Language, Chance, and Science

Language, Chance, and Science
AP Photo/Ashwini Bhatia

John H. McWhorter is a linguist at Columbia University, and a fascinating and sometimes controversial figure. For instance, although he describes himself as “a cranky liberal Democrat,” he also wrote a book, Losing the Race, which claims that African American culture is partly to blame for the relatively poor performance of African Americans in school and work life. That book made him popular with conservatives, and led the Manhattan Institute to name him a contributing editor to its publication City Journal. On the other hand, he is a vigorous defender of “Black English” as a perfectly valid form of English, just as grammatical as “standard” American English. (That is a position that traditionalist conservatives ought to embrace, first of all because it is correct, and secondly because it recognizes the priority of concrete ways of life over abstract rules. But alas, too many conservatives have mistaken the position of nineteenth-century grammar rationalists as being conservative.)

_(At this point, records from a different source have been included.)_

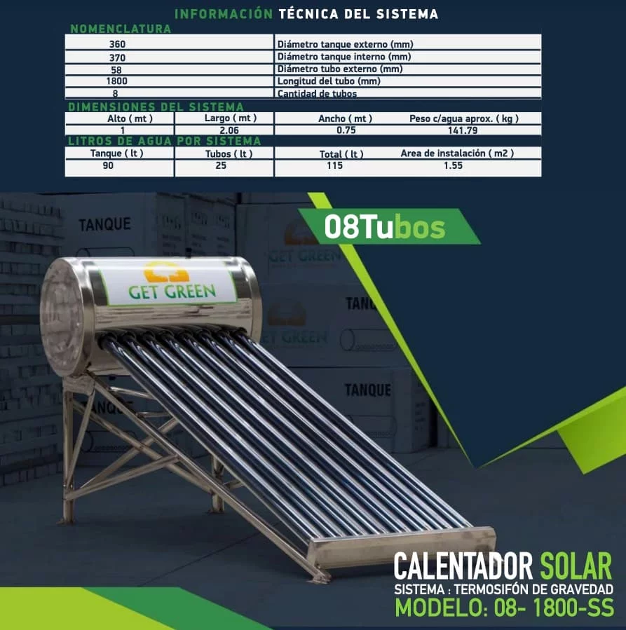 CALENTADOR SOLAR INOX 8 TUBOS 96L 2 PERSON FONTER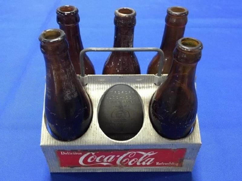 Aluminum Coca-Cola carrier with 5 Amber bottles from: 1 bottle from Bristol, VA-has chip at top and bottom. 1-Knoxville, TN- Good found condition, 1- Memphis, TN-Good found condition, 2-Chattanooga, TN-Good found condition, Local Collectors check this out!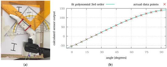 As mentioned, due to space constraints the measurement of the joint rotation angles is performed off-axis in this work (see Section 2.4). Therefore, an experiment, shown in Figure 13a for the MCP joint of the index finger, was necessary to determine the correlation between the calculated sensor output (using Equation (1), based on the magnetic field strengths and in x and y direction) and the actual rotation angle of the joint. To determine this correlation, we moved each joint of each finger incrementally in steps of 5 , starting at 0 and ending at 90 , which corresponds to the minimum and maximum rotation angle of each joint, respectively. To ensure that only the correct joint was rotated, we fixed the other joint during the measurements. At each step the sensor output () and rotation angle were recorded, after which the joint was bent five degrees further. The resulting correlation between rotation angle and sensor output was then used to obtain a 3rd order polynomial fit for each joint, shown for the MCP joint of the index finger in Figure 13b. This fit can be used for the real time control of the finger to directly calculate the rotation angle of each joint during the data processing step.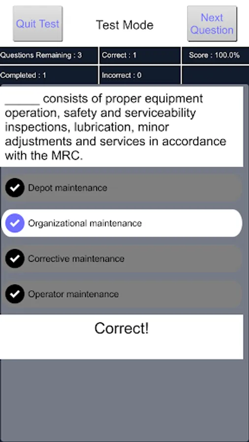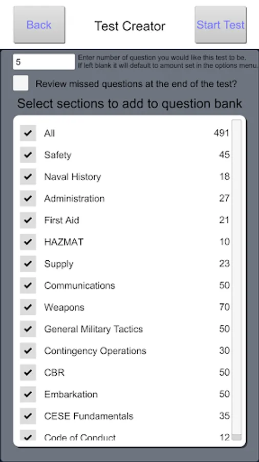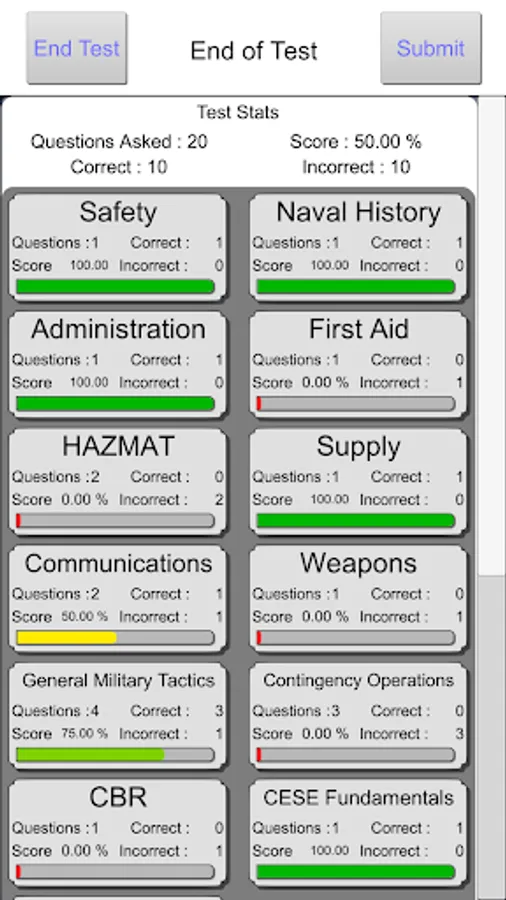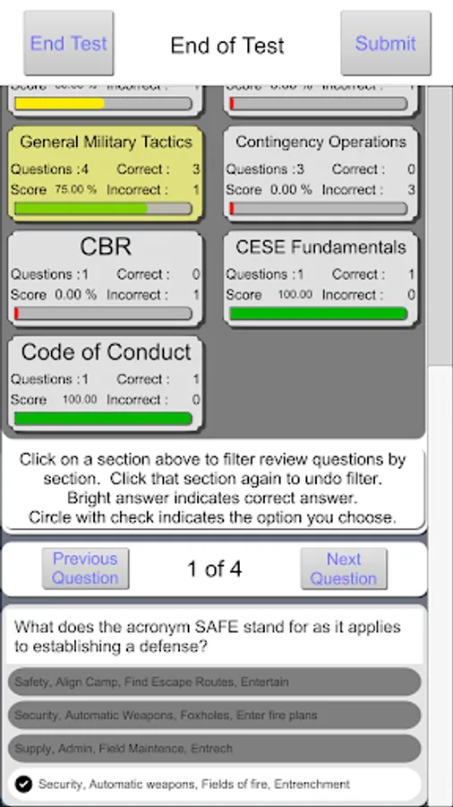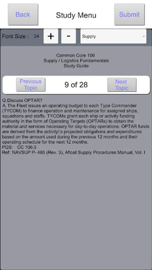 Test environment now allows configurable tests. You can select a section, group of sections or all sections to test on. You can also set the number of questions that you will take in a test. Upon completion of a test you will receive a breakdown of how you did overall and per category. This can help you to guide your training to sections where you may not be very strong. Also after a test you review all the questions you took during that test, see the correct answer and the answer you choose and filter review questions by category to quickly see mistakes. Study mode has been revamped and now allows you to change the font size as well as showing the PQS objectives one at a time to help you focus on the particular section rather than having to scroll through pages of information.
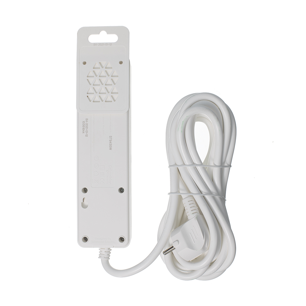 Удлинитель на 3 гнезда Schneider (Шнайдер) ST9435W оснащен специальными отверстиями для фиксации на стене. Эргономичная литая вилка с легкостью позволит одним движением подсоединить удлинитель к сети, а кнопка включения с зеленой индикацией, не оставит сомнения, что он готов к работе. Гнезда удлинителя расположены под углом 45°для удобного использования. Особенности: - изготовлен из негорючего самозатухающего пластика; - температура эксплуатация от -10°C до +40°C ; - кнопка включения с индикацией; - удобное подключение вилок; - защитные шторки для защиты детей от удара током.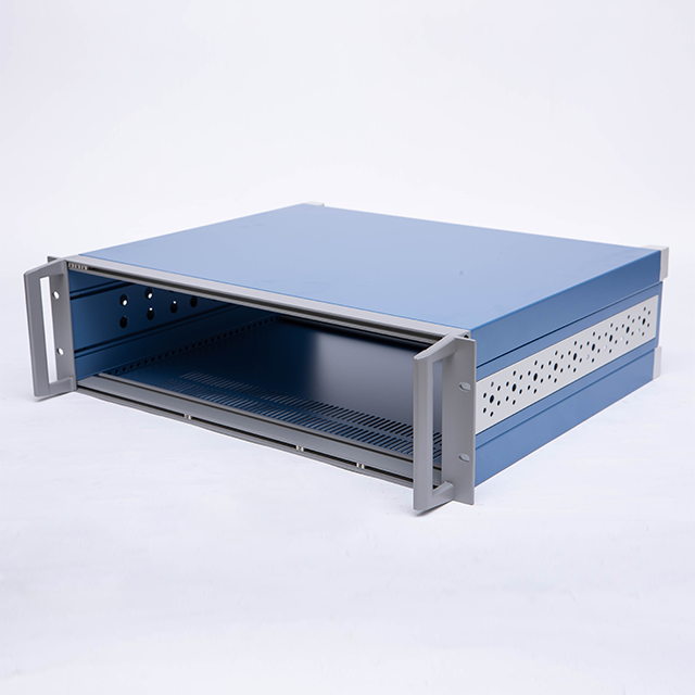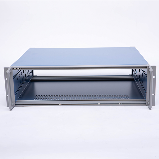 A型機箱由上蓋板,下蓋板,前面板,后面板,側板,底腳,把手,前后梁等配件組裝而成,為臺式機箱。標配型機箱表面經噴塑處理,噴塑的塑粉顏色可以按照客戶要求選定,白、灰色為行業首選的經典顏色。另前、后面板可以做氧化等工藝處理。此款機箱側板是由固定尺寸的鋁型材機床加工后組裝而成,為考慮美觀與實用性,最高高度建議在5U以下(具體高度分為2U、3U、4U)。若需要5U或超過5U的客戶,可以選購D型款式的機箱(注:D型機箱也是此系列中的其中一款)。標配機箱的下蓋板上開有兩條散熱孔與大撐腳,散熱孔可以按照客戶要求訂制。還可以提供開孔,壓鉚,銑深等來圖加工服務。內部的安裝底板為安裝元器件固定所用,為選配鋁板,可以提供開孔處理。另外,此款機箱還可以做成插箱,具體請來電咨詢。款機箱還可以做成插箱,具體請來電咨詢。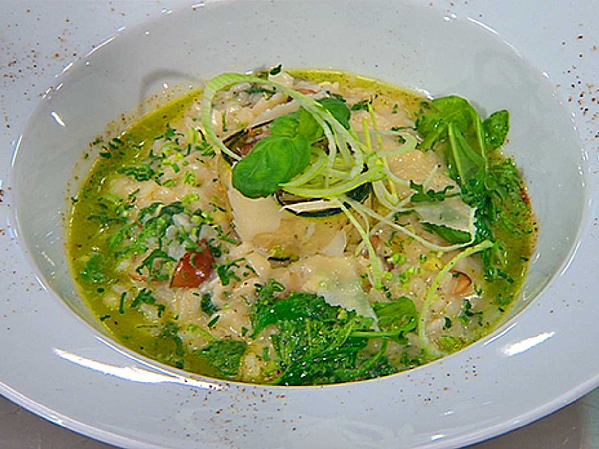 Risotto med pesto och pinjenötter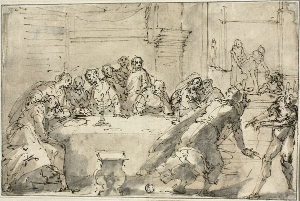 Curator: This line etching by Gérard de Lairesse, held in the Harvard Art Museums, depicts the Adoration of the Magi. What's your immediate reaction? Editor: It feels very active, almost chaotic. The lines are so dynamic, creating a sense of movement and urgency. It’s not the serene scene I usually associate with this subject. Curator: Indeed, it challenges conventional depictions. Lairesse, a Dutch Golden Age painter, imbues the scene with an energy reflecting the era's burgeoning merchantile spirit and its impact on religious art. Look at how the magi aren't just presenting gifts, but actively engaging, almost negotiating. Editor: And that throng of onlookers in the background – are they witnesses, or perhaps a commentary on the public's involvement in religious spectacle? The composition feels almost like a stage, highlighting the performative aspect. Curator: Precisely. Lairesse’s classical training blends with a distinctly Dutch emphasis on the social dimension of religious events. The adoration becomes a public acknowledgement, not just a private offering. Editor: Seeing this challenges how I perceive religious imagery. It’s a reminder that art, even at its most sacred, is always filtered through the lens of its time. Curator: Absolutely, and Lairesse offers a vital perspective on the evolving relationship between faith, art, and society.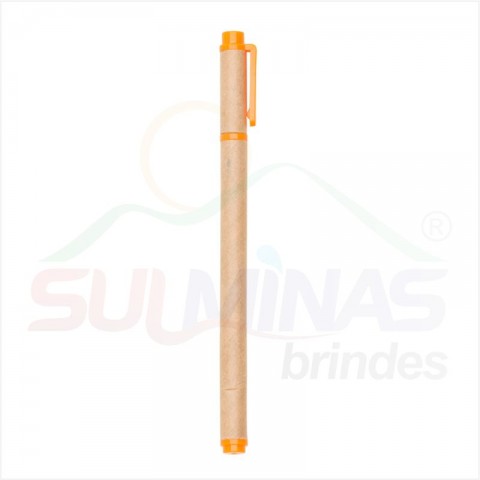 Caneta ecológica roller. Caneta de material kraft com tampa, possui clip plástico colorido, anel e parte inferior plástica colorida.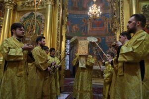 Богослужебные песнопения исполнил хор Калужской духовной семинарии под управлением воспитанника II курса магистратуры иерея Николая Кабичкина и хор Калужского духовного училища под управлением воспитанницы IV курса Морарь Марии.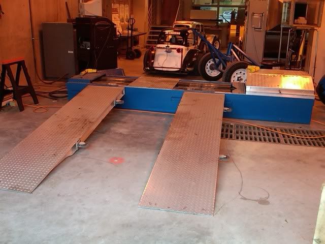 Our school has had this dyno sitting in the mech. engineering shop, it hasn't been used in years. Well some of us found out about this thing and got permission to hook it all back up and use it when ever we want to. We pulled it out today and spent most of our time just trying to position it back where it needs to be. We fired up the computer system also to make sure it all still worked. Everything seems to be working fine, dyno is still wired up so we could spin the wheels and get reading on the screen so it appears to be working. We will be working on it some more this week, finish setting it up and doing some maintanence work. Also calibrating the dyno again. Hoping to have it up and functioning sometime next week.
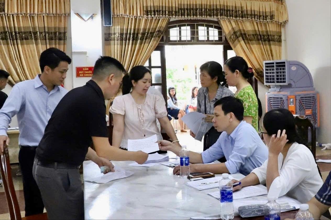 Chuyên viên Điểm hỗ trợ dịch vụ công số Hồng Vân thực hiện nhiệm vụ tại các điểm chi trả tiền hỗ trợ giải phóng mặt bằng. Ảnh: Vũ Hậu.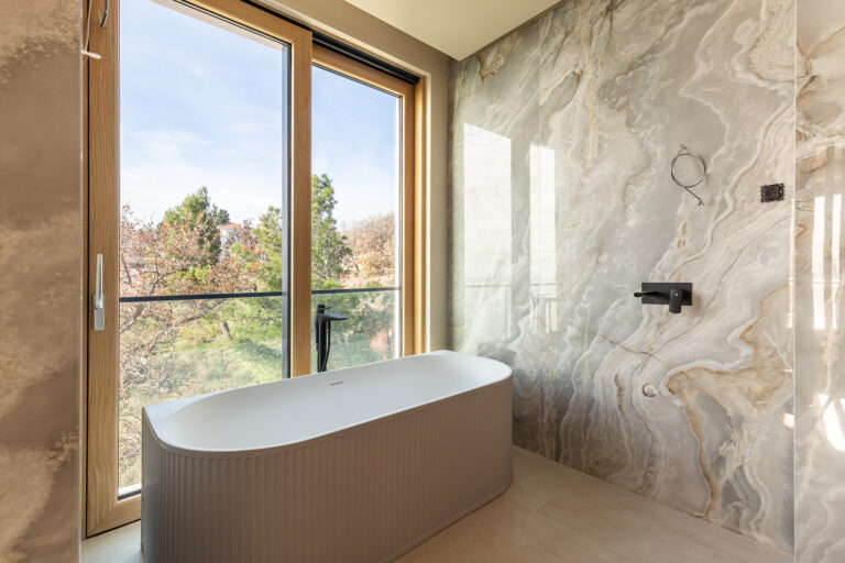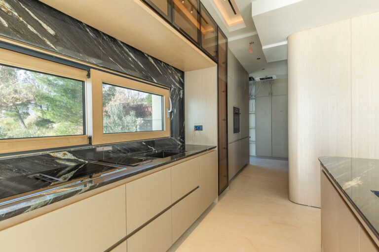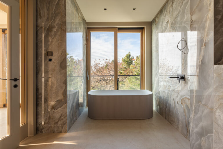 Vila je navržena ve třech promyšleně uspořádaných podlažích a zajišťuje maximální komfort a funkčnost. Disponuje sedmi velkými ložnicemi, každá s vlastní koupelnou, a světlou obývací částí s krbem, která je ideální pro klidné večery.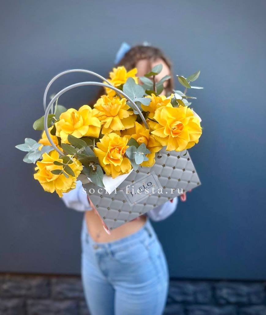 Классическая сумочка с розами в лаконичном исполнении. Эвкалипт обрамляет бутоны серебристой зеленью. Компактная форма подходит для любого интерьера и события.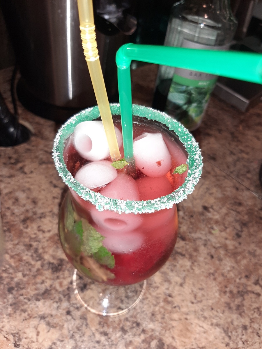 Нам понадобится, клубника, мята, клубничный сироп, лёд, лимон Для начала, украсим стакан с помощью сахара и сиропа Добавляем мяту... Затем клубнику порезанную слайсом лимон порезанный слайсом 15 мл сиропа ( клубничный) Подаём со льдом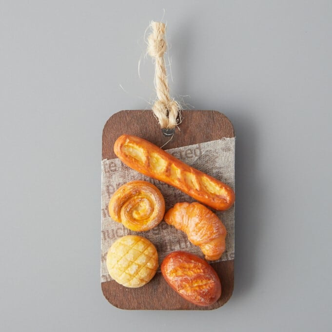 ブレックファストなパンセレクション:樹脂粘土のミニチュアフェイクフードのアートマグネット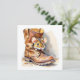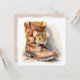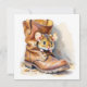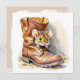 Un lindo ilustracion acuarela con un ratón mirando desde una vieja bota marrón. Tarjeta en blanco.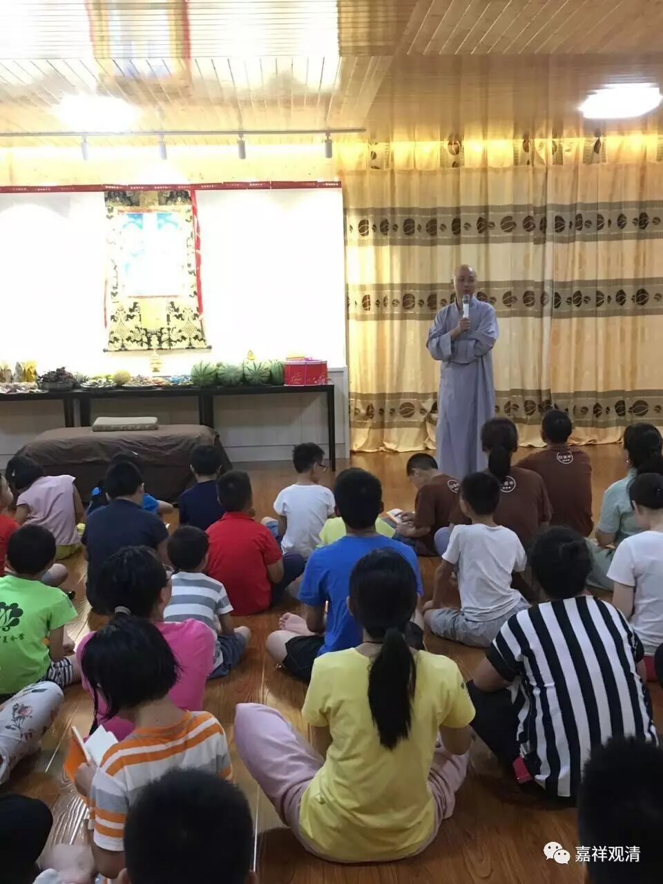 白云寺夏令营全体老师和小朋友参加追思智敏法师法会,并全体参加会供,祈祷法师不舍众生,乘愿再来! 德音未远,来者可期……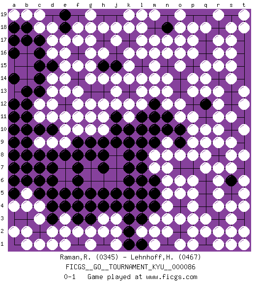 Last move : 0-1 2009 August 17 0:24:22 [Event "FICGS__GO__TOURNAMENT_KYU__000086"] [Site "FICGS"] [Date "2009.07.08"] [Round "1"] [Black "Raman,Ranganathan"] [White "Lehnhoff,Heinz-Georg"] [Result "0-1"] [Rating 1 "0345"] [Rating 2 "0467"] 1.k10 q10 2.q4 k4 3.d4 d16 4.q16 k16 5.d10 o3 6.o6 q3 7.r3 p3 8.p5 n8 9.l9 m8 10.n7 m7 11.m6 n5 12.m5 n4 13.l7 n6 14.o7 o8 15.p8 p9 16.l8 q8 17.p7 q7 18.q6 o5 19.m9 p6 20.q5 r6 21.r4 r2 22.q2 p2 23.q1 p1 24.r5 r1 25.n10 o11 26.n11 n12 27.m12 o12 28.s6 r7 29.l11 j6 30.k6 j7 31.k7 j8 32.k5 j5 33.j4 j3 34.h4 f4 35.k3 l4 36.m4 m3 37.l3 l2 38.l5 h3 39.g3 j2 40.m2 n3 41.k2 g4 42.l1 g2 43.f3 e3 44.f2 g1 45.s3 s2 46.t2 t4 47.s5 s7 48.t7 t8 49.t6 p4 50.t3 s1 51.n1 t1 52.o2 n2 53.o1 m1 54.n1 o1 55.h1 h2 56.f1 j1 57.e4 e2 58.g5 e1 59.q1 q2 60.h5 f5 61.f6 g6 62.e5 e6 63.f7 h6 64.k4 m1 65.f3 l2 66.k1 m2 67.g3 f2 68.d6 e7 69.e8 f4 70.g4 g7 71.d7 s4 72.f5 t5 73.o14 m14 74.n13 m13 75.o13 p13 76.p12 p11 77.q12 q13 78.q11 r11 79.r12 r13 80.s12 s11 81.s13 s14 82.o10 p10 83.t14 t12 84.t15 t13 85.p15 s15 86.t16 s16 87.t17 s17 88.r17 t18 89.r18 p18 90.j9 l12 91.m11 l13 92.g8 k11 93.h8 k12 94.j11 j12 95.k8 h11 96.j10 h10 97.h9 c3 98.d3 d2 99.h7 p14 100.o15 o16 101.n15 n16 102.m15 m16 103.l16 l17 104.l15 k15 105.l14 k14 106.p17 o17 107.p16 o18 108.k17 j17 109.j16 k18 110.h12 g12 111.h13 g11 112.g13 f13 113.e11 f12 114.f14 e13 115.e14 d14 116.d15 e15 117.c15 f15 118.g14 g15 119.h15 h16 120.j15 j14 121.h14 j13 122.c14 d13 123.c13 c12 124.b12 c11 125.d12 d11 126.e12 e10 127.b11 f11 128.b13 b15 129.c16 b16 130.c10 d9 131.b10 c9 132.b9 b8 133.c8 e9 134.d8 c4 135.a8 a10 136.a11 a13 137.a14 b14 138.b17 a15 139.a9 b7 140.f9 f10 141.c17 d17 142.b6 c18 143.b18 c19 144.a7 d18 145.c7 b4 146.d5 a4 147.a5 r16 148.q17 q15 149.p19 q18 150.s19 s18 151.q19 o19 152.n19 m19 153.n18 m17 154.m18 l19 155.c5 b5 156.a6 b19 157.a17 a19 158.f17 f18 159.e16 e17 160.f16 g17 161.c2 b2 162.c1 b1 163.a12 g18 164.a14 g16 165.a16 n9 166.o9 n14 167.g9 g10 168.a18 t19 169.l6 r19 170.o7 n7 171.a3 d1 172.j19 j18 173.b3 a2 174.h19 g19 175.l15 m15 176.f16 e16 177.e12 d12 178.p7 o6 179.l4 f17 180.f4 p8 181.m10 k19 182.j5 h18 183.l10 l18 184.f8 n17 185.k9 e11 186.h13 h14 187.g13 g14 188.f14 h12 189.c6 l14 190.b7 l16 191.b8 e14 192.a10 pass 193.r9 s9 194.r8 r10 195.s10 t10 196.s8 q9 197.q4 r4 198.q5 r5 199.s6 t6 200.q6 p5 201.o14 o15 202.o13 n13 203.q12 r12 204.q16 p16 205.q17 r17 206.r14 q14 207.t3 s3 208.r8 s8 209.n18 p17 210.e19 t2 211.j15 r9 212.e18 r15 213.c2 c1 214.h15 pass 0-1 Here are the names of the openings (joseki) played in the four corners : Corner q4 : q4 o3 Hoshi (Hwajeom, Seongjeom, Xingwei`) 4-4 Point. The star or hoshi (4-4) point, emphasizing influence at the potential expense of territory. Ikken Kakari (Hankan Keolch'im, Yi Gua`jiao~, 1-Space Low Approach). White 2 is the standard approach move to the 4-4. Corner q16 : q16 o11 Hoshi (Hwajeom, Seongjeom, Xingwei`) 4-4 Point. The star or hoshi (4-4) point, emphasizing influence at the potential expense of territory. Corner d4 : d4 j6 Hoshi (Hwajeom, Seongjeom, Xingwei`) 4-4 Point. The star or hoshi (4-4) point, emphasizing influence at the potential expense of territory. Corner d16 : d16 j11 Hoshi (Hwajeom, Seongjeom, Xingwei`) 4-4 Point. The star or hoshi (4-4) point, emphasizing influence at the potential expense of territory. Player White won this Go (weiqi, baduk) game. Follow this game move after move (download)Five groups might live but the six will die. (Anonymous) The real voyage of discovery consists not in seeking new lands but in seeing with new eyes. (Marcel Proust)

In addition to these positions that have brought him into the public eye, McWhorter is a serious linguist, specializing in language change and Creole languages, and conversant in Spanish, French, German, Italian, Portuguese, Russian, Dutch, Swedish, and Hebrew. In The Language Hoax, McWhorter takes on an important and contentious view that has been kicking around linguistics and the social sciences since at least the eighteenth century, a theory which has sometimes been called the “Sapir-Whorf hypothesis” (itself a controversial term). The theory is popular enough that it played a central role in the major motion picture Arrival, where it was explicitly mentioned by name. The essence of the theory is that the worldview of we humans is … well, here things get murky: determined by? strongly influenced by? somewhat influenced by? … the language we speak.